We'll look at the first relation we started with. \(F = g (m_1 m_2) / r^2\). Is it possible to plot this in such a way as to yield a straight line? The answer is yes. Let's make a transformation as shown in Panel 9. Let \(y = F\) and let \(x = 1/r^2\). Now we see that \(y\) vs \(x\) is a straight line relation. We must notice that \(x\) is never permitted to be negative in this case since it is \(1/r^2\) so the dashed part of the line does not exist. We must watch out for little things like that. This graph we have shown contains all the information that was shown in the graph of Panels 1 or 4.
\(y = ax^3\)
How do we linearize the expression in Panel 5, \(y = ax^3\)? Well, if we plot \(y\) vs \(x^3\), we'll get a straight line. I've shown this in Panel 10. In this case, there is a negative part to the graph since for positive \(x\), \(x^3\) is positive but for negative \(x\), \(x^3\) is negative. Note also that the slope of this graph is \("a"\) and this might be a reason for plotting such a graph. \("a"\) might be a number which we want to determine from a set of experimental data of \(x\) and \(y\) which obeys the law \(y = ax^3\). The easiest way to get a is to make the graph as we have it here and find the slope.
\(y = (1/4)b + (4/3)ax^3\)
\((y^2 - b/4)^{\frac 12} = (4a/3)^{\frac 12} x^{\frac 32}\)
How about the expression \(y^2= 1/4 b + 4/3 ax^3\) as shown in Panel 11. There's sometimes more than one way to treat an expression. We could plot \(y^2\) vs \(x^3\) and you would get a line of \(y\) intercept \(1/4 b\) and slope \(4/3 a\). You could, however, take the square root and plot the square root of \(y^2- 1/4 b\) vs \(x ^ {\frac 32}\). You would again get a straight line, this time through the origin, and having a slope which is the square root of \(4/3 a\). Notice that because of the \(x^{\frac32}\), you couldn't represent the negative values of \(x\). Study Panel 11 carefully.

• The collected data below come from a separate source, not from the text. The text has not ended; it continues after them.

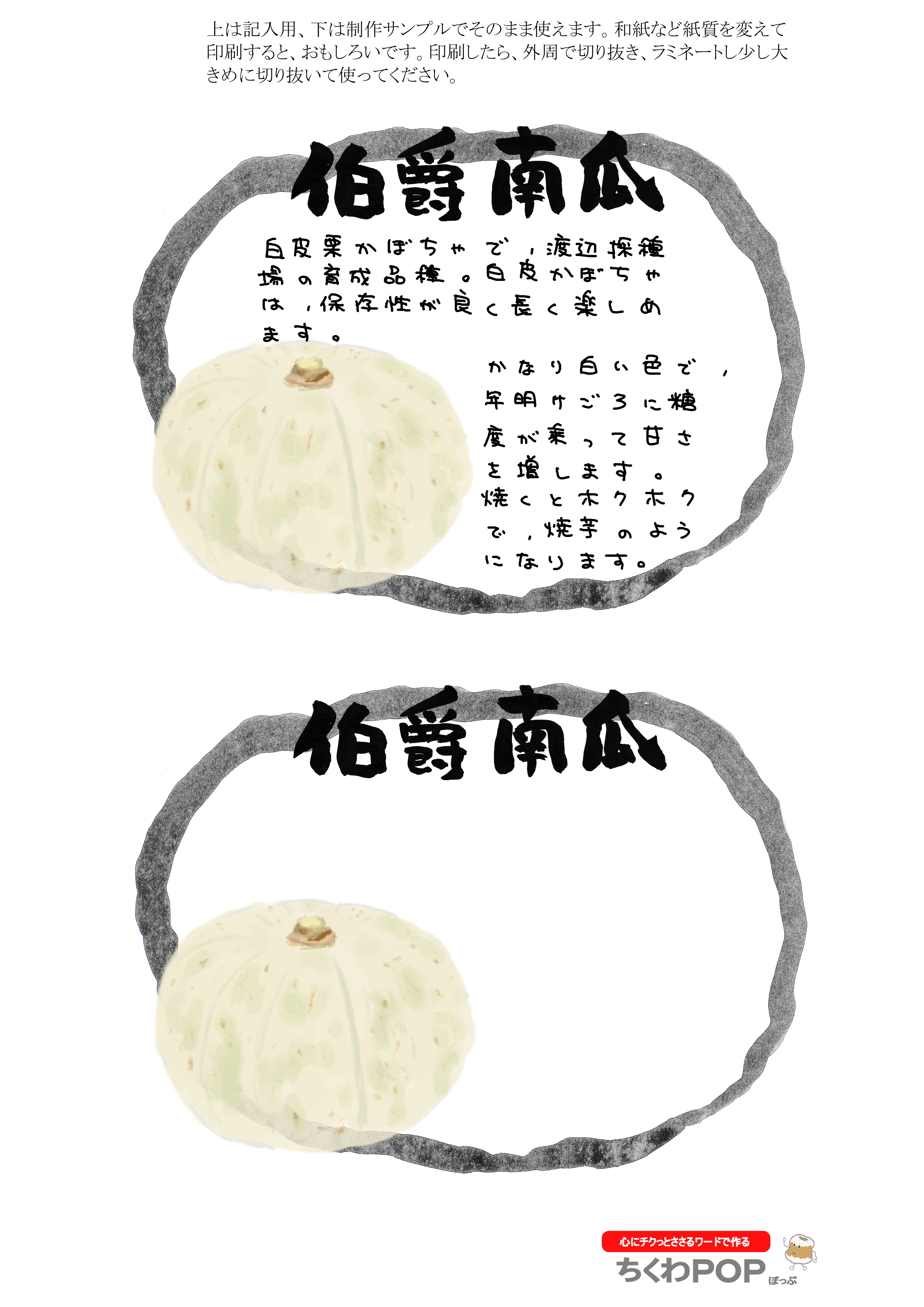 今日のかぼちゃシリーズの差し替え型ポップです。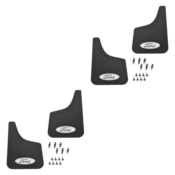 Comprehensive Protection. Protect and enhance the appearance of your F-350 with these Mud Flaps; Front and Rear. These mud flaps are expertly designed to offer superior protection against road debris and mud, keeping your truck clean and maintaining its pristine condition. Made from high-grade, robust materials, these mud flaps are built to last. They withstand harsh weather conditions and the rigors of off-road driving, ensuring durability and long-term performance.
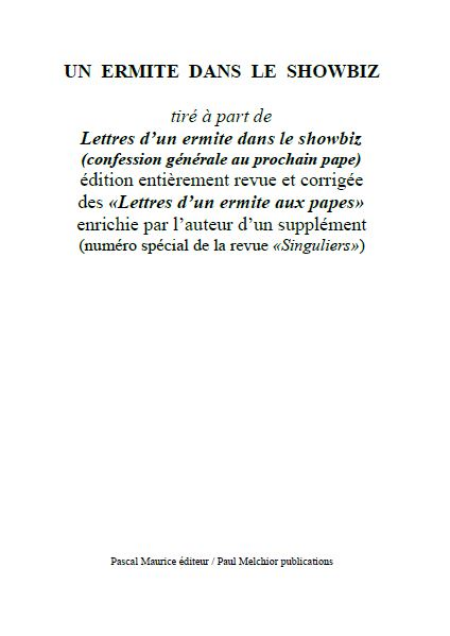 Tiré à part de "Lettres d’un ermite dans le showbiz : confession générale au prochain pape" (édition entièrement revue et corrigée des «Lettres d’un ermite aux papes» enrichie par l’auteur d’un supplément - numéro spécial de la revue «Singuliers») : où l'on retrouve André Comte-Sponville, Christine Boutin, Nicole Croisille, Raymond Devos, Sophie Marceau, Georges Moustaki, Nicoletta, Line Renaud, Didier Sandre, Georges Wilson... et beaucoup d'autres.

Finally, let's look at the expression \(N = N_0e^{at}\), the exponential relation. This relation arises very often in science. For example, bacterial growth behaves this way. The number of bacteria doubles every generation so if there are \(N_0\) bacteria now, there are \(2N_0\) sometime later and \(4N_0\) an equal time after that and so on. This behaviour is described by this equation.
For \(t = 0\), \(N = N_0e^0\) which is just \(N_0\), so this point is on the curve as shown in Panel 12.
\(N = N_0 e^{at}\)
For \(t\) approaching infinity, \(N\) also approaches infinity, very rapidly. For \(t\) approaching negative infinity, \(N\) approaches 0 and is positive. So using these data, I can sketch the curve in Panel 12.
\(ln(N/N_0) = at\)
How do we linearize the exponential relation?
The secret here is to take the natural log of each side and get \(ln(N/N_0) = at\). If you plot \(ln(N/N_0) \)vs \(t\), you'll get a straight line of slope \(a\). This is shown in Panel 13.
Sometimes it's a nuisance to calculate a bunch of logarithms so we use a special type of graph paper which does this automatically. A discussion on how to use this paper is given in another tutorial which is called "graphing with logarithmic paper".